Support for TRIM in ZFS, UFS (kernel), or fsck (userspace) has been in place for years, but there was no easy way to tell “TRIM all this whole device now”.
FreeBSD is amazing, and a major reason for that is how well it is managed. I would find it very hard to name three other open-source projects of comparable size that are so well-organized and have consistently delivered for this long. Here's a warm shoutout to the FreeBSD Foundation, as well as your reminder to donate: https://www.freebsdfoundation.org/donate/
My train of thought went "hmm, I wonder if FreeBSD would be good to use in production for running some Docker containers" and I stumbled across this https://wiki.freebsd.org/Docker
He/she is talking about being able to deploy a `Dockerfile` or use `docker-compose` / `docker-machine` on FreeBSD.
It's very common in backend development to run a Dockerized version of Redis/Postgres for local testing/development. A lot of developers develop Go/Python/Rust/node.js/etc. on a Mac, then deploy it to nix. They would need to deploy the same Docker containers built locally (or in CI/CD) to BSD, which seems unsupported given the comments.

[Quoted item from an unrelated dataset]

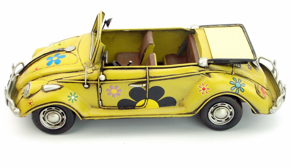 特大 メタル ブリキ玩具 フォルクスワーゲン ビートル カブリオレ レトロ クラシックカー 黄色 イエロー ヒッピー インテリア ディスプレイ
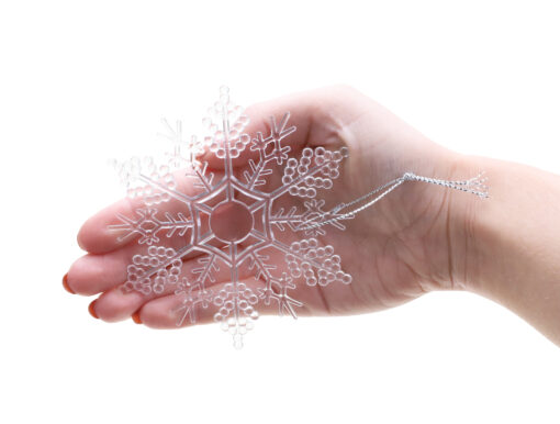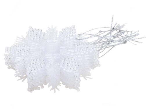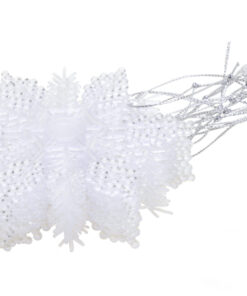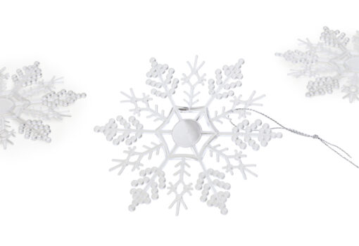 - Each snowflake is approximately 10cm wide and decorated with glitter.

I see, but I thought the selling point of docker was reproducibility, which was thanks to the image. The Dockerfile is not truly reproducible, and the image once created it is typically created with linux binary.
I think docker is a glorified zip file, but if that would help popularize FreeBSD more I wouldn't mind that feature. I guess linux compatibility layer could help here as well.
Tons of examples where it works on developer's computer, but doesn't in production or someone's elses computer.
Dockerfile is not ensuring that build is fully reproducible, it's just list of steps to build the image. There are many issues with it, but biggest offender is due network access, if you're updating your package repo or downloading a file, there's a high chance that the resulting image is different every time. Dockerfile is as reproducible as a bash script. The only thing that's reproducible is the resulting image, but at that point so is a zip file.
Try this experiment. Build an image from a non-trivial Dockerfile today. Then make another image from the same Dockerfile in another couple of months and see if it is identical to today's image.
Docker became popular over FreeBSD jails the same way MySQL became popular over PostgreSQL in the 2005-ish. Not based on technical merit but because of ease of use. In case of MySQL it was a Windows installer which made for a low barrier of entry. However MySQL didn't do ACID transactions, views, etc. at that time, all things PostgreSQL had.
Similarly Docker was easy to use with images but security was a mess. The first couple of years Docker stance was actually that their container wasn't to be considered a security boundary and being able to access the host system "wasn't a bug". This in total contrast to FreeBSD jails which were always regarded as a hard boundary.
Docker in FreeBSD is not as simple as you might think. FreeBSD has a Linux ABI compatibility layer in order to be able to run Linux binaties (just like WINE is a Windows ABI compatibility layer). Docker itself, the CLI application, the API, etc. is probably the easiest part.
Back then I chose MySQL because of php-myAdmin. That and the fact there were so many more tutorials for it were the main drivers of the decisions. Proper foreign keys and transactions were nice, but who knows if this app would go anywhere anyways (it didn't).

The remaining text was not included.